## Entries provided
Content starts

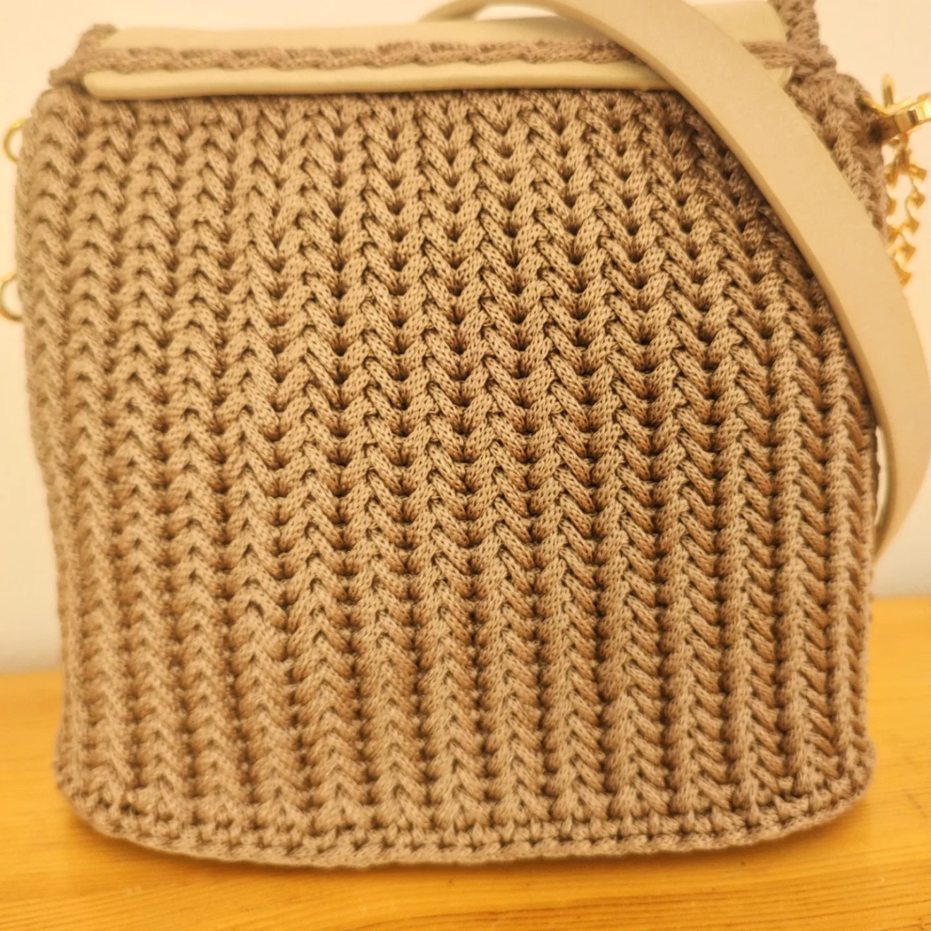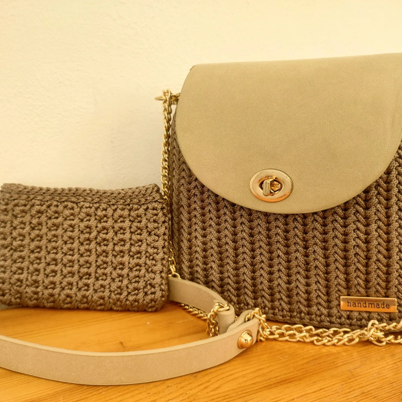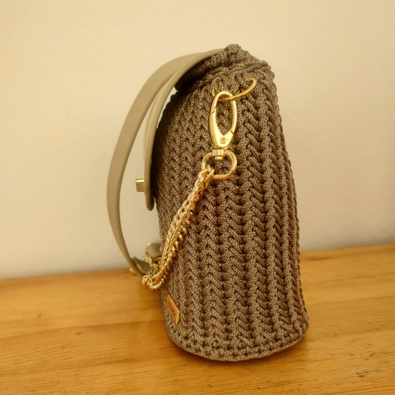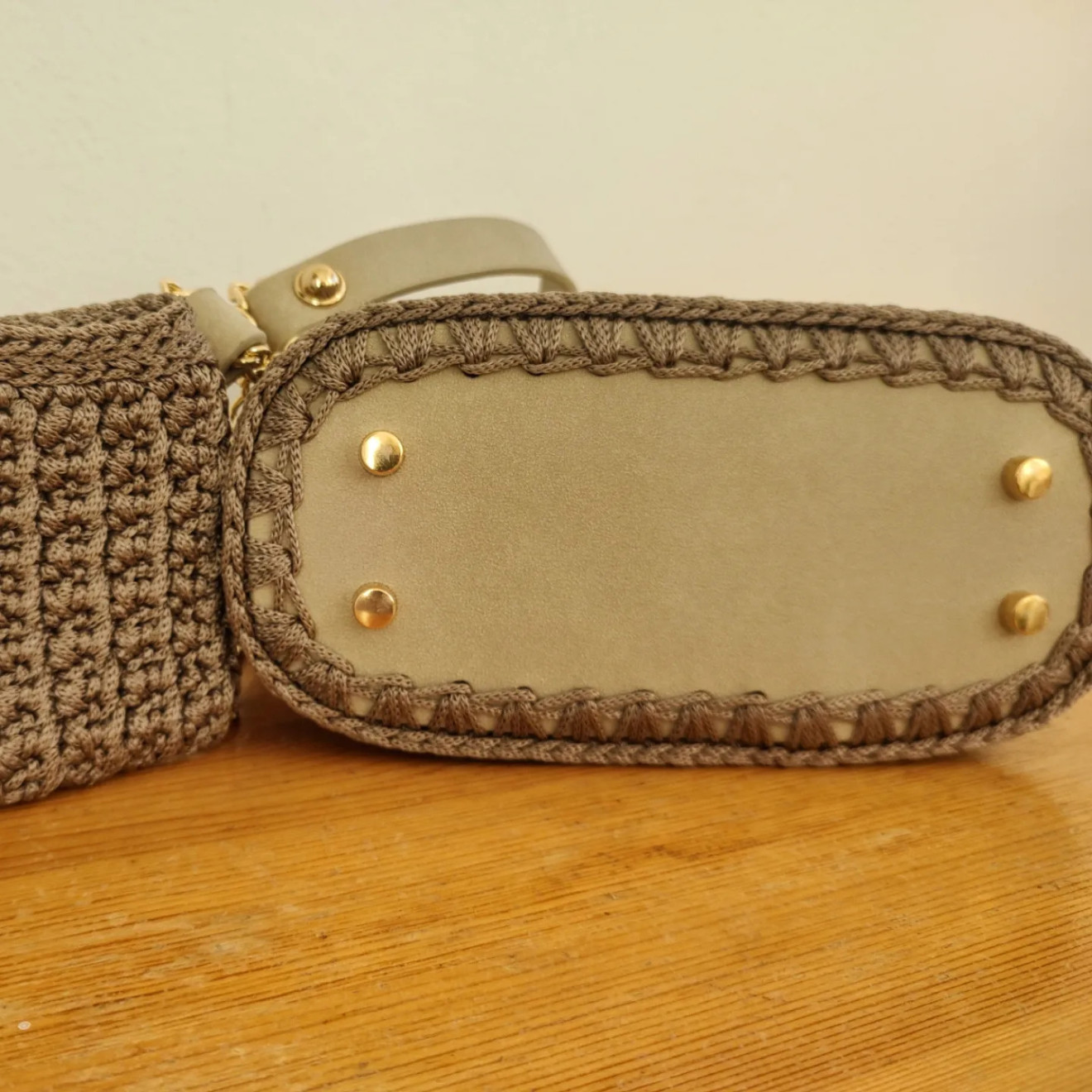 Чантичка за всеки повод , изплетена с полиестерно макраме в бежов цвят, добавка кожен комплект и метални елементи в златисто
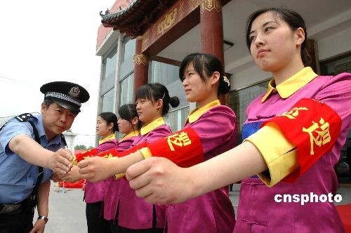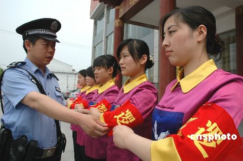 2009年7月9日,山东首支全运会酒店女子巡逻队在淄博周村北郊镇成立。当日是第十一届全国运动会倒计时第99天,来自山东淄博周村区的10名酒店女子在北郊派出所民警的带领下开始“上岗”巡逻。据悉,全运会期间,她们除担负酒店周边治安巡逻任务外,还负责救援受困游客和景区防火灭火等工作。中新社发 梁宝海 摄
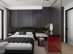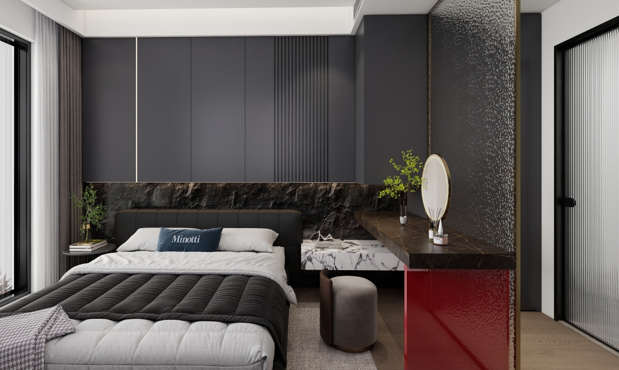 深色為主色調,文化石作為背景,紅色亞克力作為點綴,高級而又典雅
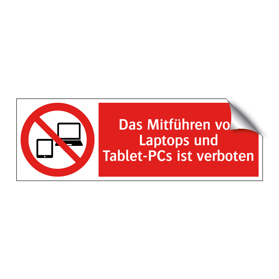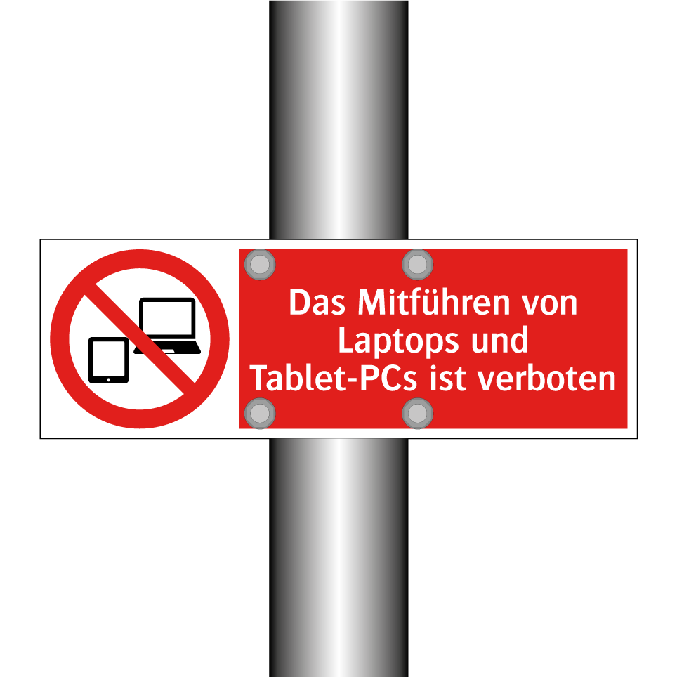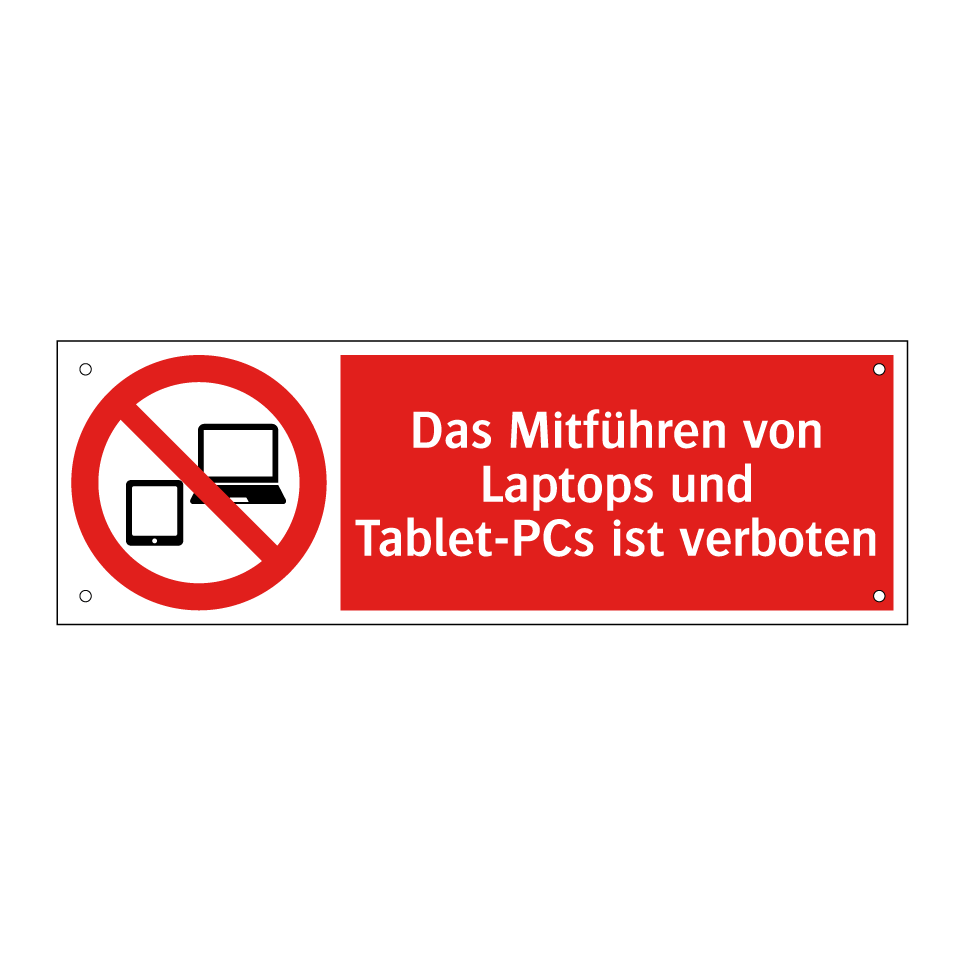 Verbotsschild mit dem Text Das Mitführen von Laptops und Tablet-PCs ist verboten
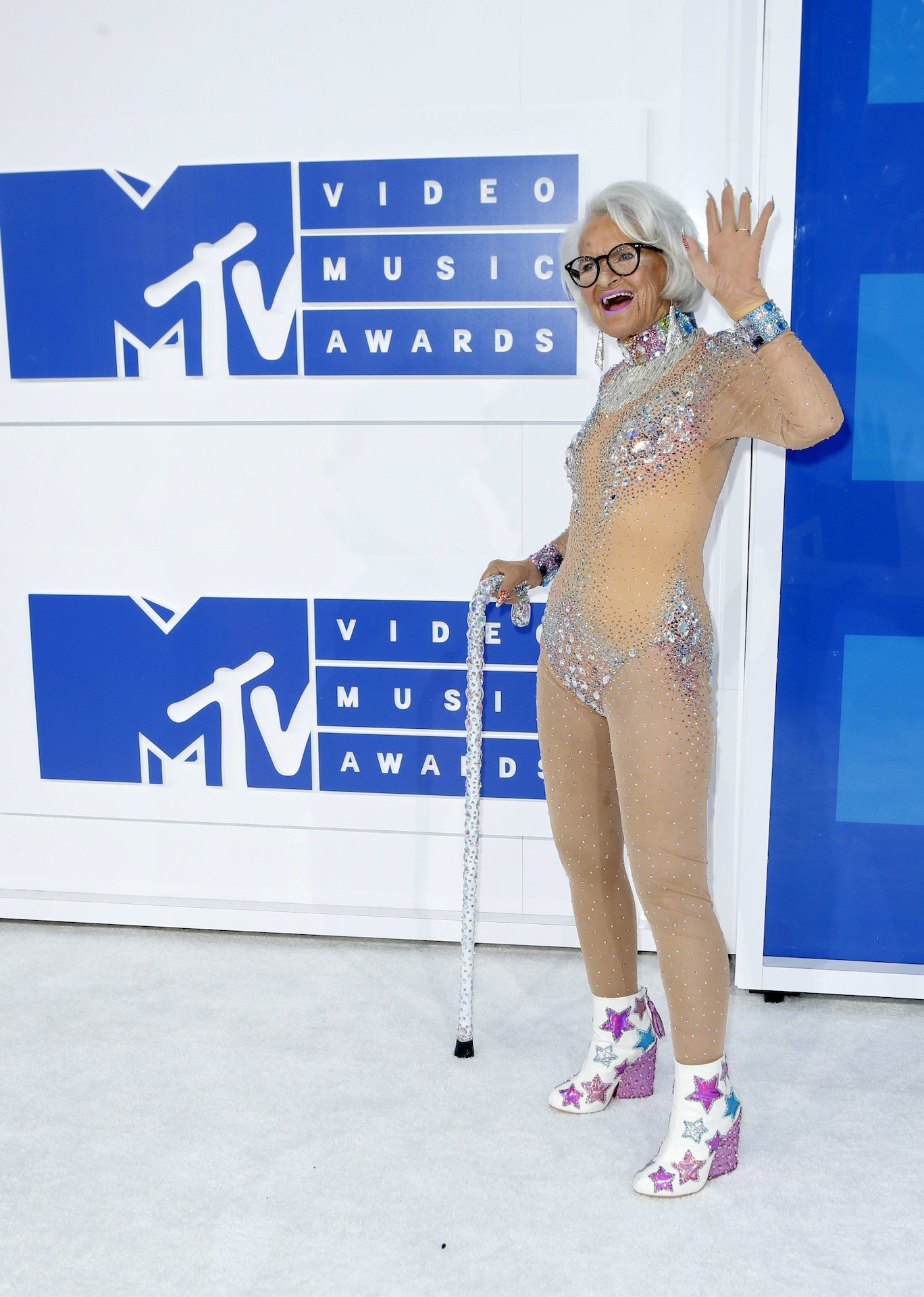A la abuela de Instagram, Baddie Winkle, le gusta llamar la atención con trajes como este de color piel.
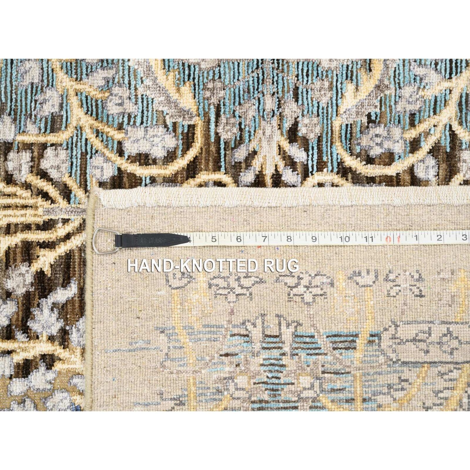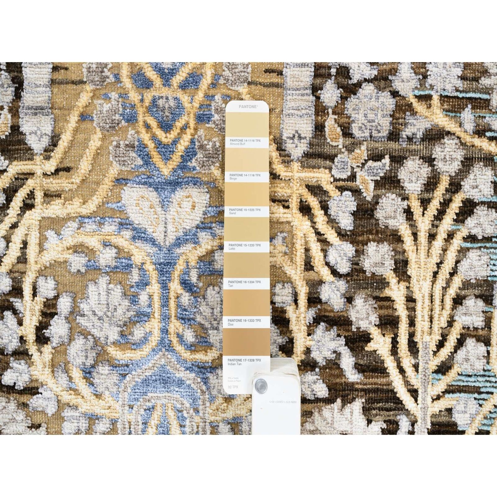 4'2"X10' Gold Brown Hand Knotted Silk With Wool Wide Runner Rug
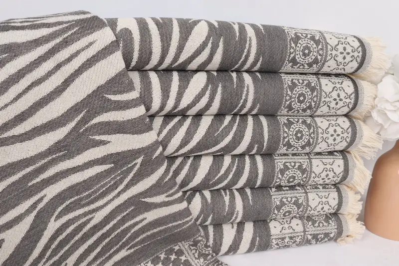 トルコ ハンドタオル モノグラム キッチンタオル ストライプ ダークグレー ベージュ 20x28 インチ
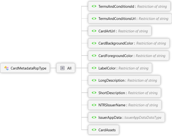CardAssets Element IssuerAppData Element NTRSIssuerName Element ShortDescription Element LongDescription Element LabelColor Element CardForegroundColor Element CardBackgroundColor Element CardArtUrl Element TermsAndConditionsUrl Element TermsAndConditionsId Element All CardMetadataRspType Complex Type

Content ends

## What needs to be done
When you output the listing, reproduce it exactly but drop its pictures.

## Answer space
 Чантичка за всеки повод , изплетена с полиестерно макраме в бежов цвят, добавка кожен комплект и метални елементи в златисто
 2009年7月9日,山东首支全运会酒店女子巡逻队在淄博周村北郊镇成立。当日是第十一届全国运动会倒计时第99天,来自山东淄博周村区的10名酒店女子在北郊派出所民警的带领下开始“上岗”巡逻。据悉,全运会期间,她们除担负酒店周边治安巡逻任务外,还负责救援受困游客和景区防火灭火等工作。中新社发 梁宝海 摄
 深色為主色調,文化石作為背景,紅色亞克力作為點綴,高級而又典雅
 Verbotsschild mit dem Text Das Mitführen von Laptops und Tablet-PCs ist verboten
A la abuela de Instagram, Baddie Winkle, le gusta llamar la atención con trajes como este de color piel.
 4'2"X10' Gold Brown Hand Knotted Silk With Wool Wide Runner Rug
 トルコ ハンドタオル モノグラム キッチンタオル ストライプ ダークグレー ベージュ 20x28 インチ
CardAssets Element IssuerAppData Element NTRSIssuerName Element ShortDescription Element LongDescription Element LabelColor Element CardForegroundColor Element CardBackgroundColor Element CardArtUrl Element TermsAndConditionsUrl Element TermsAndConditionsId Element All CardMetadataRspType Complex Type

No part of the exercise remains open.